I just missed out on voting in the recent federal election. My eighteenth birthday was only a few weeks after the 3 May poll and yet I have to wait another three years before I can have a say in the next federal election. You can imagine my frustration when my classmates at university and friends asked me who I was voting for, and I had to admit, 'I can't vote yet.'
In countries around the world, young are growing increasingly frustrated by our exclusion from democratic politics. We are disillusioned by our governments' lack of action on issues that affect us. And rather than giving us agency, we are handed the usual list of consolation prizes: 'Why don't you just protest? Or create petitions? Or email your local MP?' Well, many of us have tried these things.
Despite the fact that hundreds of thousands of Australian young people turned out onto the streets to call on the government to honour its obligations to the health of our planet, precious little progress on climate change policy has been made. I have sent dozens of emails to my local MP on a range of issues — most recently, Australia's response to the humanitarian catastrophe in Gaza — only to receive an automated response or some perfunctory reply thanking me for getting in touch.

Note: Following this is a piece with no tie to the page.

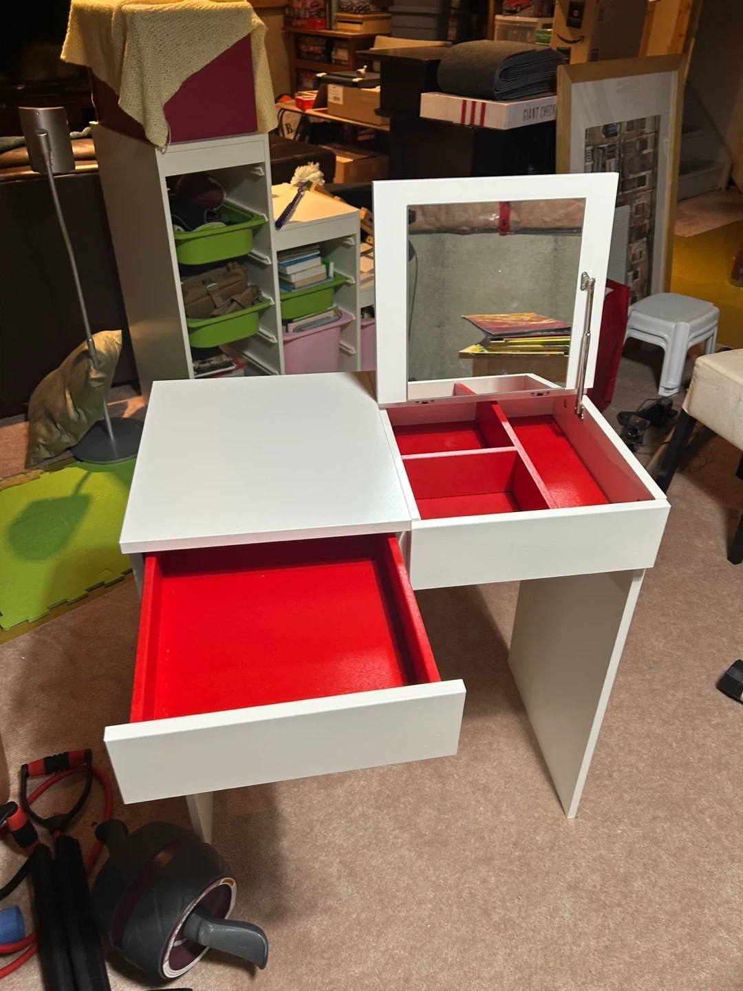 This is an Ikea Malm Dressing Table. It features a clean, white finish and a functional design. The table is used and has a red felt inside the drawers and compartments for a touch of personalized flair. Perfect for makeup and accessories, this compact vanity will fit seamlessly into any bedroom or dressing area.

Protesters take part in the School Strike 4 Climate rally on 21 May 2021 in Melbourne, Australia. (Photo by Graham Denholm / Getty Images)

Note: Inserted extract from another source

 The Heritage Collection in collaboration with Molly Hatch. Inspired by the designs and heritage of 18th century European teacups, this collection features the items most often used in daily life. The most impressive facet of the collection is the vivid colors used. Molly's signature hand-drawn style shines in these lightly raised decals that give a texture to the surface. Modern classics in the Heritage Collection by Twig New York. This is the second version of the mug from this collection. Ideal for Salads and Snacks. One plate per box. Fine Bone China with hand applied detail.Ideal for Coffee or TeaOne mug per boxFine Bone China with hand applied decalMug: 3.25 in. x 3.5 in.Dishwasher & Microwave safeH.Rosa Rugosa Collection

These avenues of activism clearly have not and cannot achieve the kind of change we are seeking. That is not to say we should not pursue change through these more direct means, but it is disingenuous to tell young people that they are any substitute for the ability to vote.
Take issues such as cost-of-living pressures, housing affordability and environmental sustainability — all of which disproportionately affect the younger demographic. As Monash University Professor Lucas Walsh wrote in the lead-up to the 2025 federal election:
Young Australians are inheriting not only the weight of greater voting influence, but also disproportionate challenges related to affordable accommodation, work and climate change.
According to Monash's 2023 Youth Barometer Survey, only 35 per cent of young people felt confident they would have a place to live in the coming year due to a rental crisis already at full steam. I'd be willing to bet that percentage is considerably higher in 2025. And then there is the prospect that the effects of climate change are likely to be irreversible by 2030. Our citizens and our very planet are becoming increasingly inhospitable to young people, and yet we continue to be denied the democratic mechanism to do anything about it!
Young people are growing tired of the usual excuses and threadbare alibis that are used to justify denying us the right to vote — most often based on the stereotype technology-addicted, lazy, indolent, immature teens who can't even be responsible for their own lives, let alone the wellbeing of our country and planet. But isn't this prevailing stereotype directly contradicted by the responsibility, the passion even, demonstrated by student organisations like School Strike for Palestine and School Strike 4 Climate?
Where we are affected by, and capable of having meaningful input on, a range of highly consequential issues, depriving young people the right to vote is not only undemocratic — it is cruel.
The UK is showing the Australian federal government how it can enhance and strengthen our democracy: by enfranchising young people. Monique Ryan, Independent MP for Kooyong, has pledged to introduce a bill to parliament lowering the voting age from 18 to 16. I would urge the government to give that bill the consideration it deserves. I would also encourage my fellow youth to continue campaigning for the issues they care about and for the right to have their voices heard.
Anhaar Kareem is an 18-year-old Egyptian Muslim woman living on Wangal Land in Sydney, and studying law and media at the University of New South Wales. She has worked with the Wellbeing Health & Youth Committee, Islamic Women's Welfare Association Youth Committee and the Make It 16 campaign.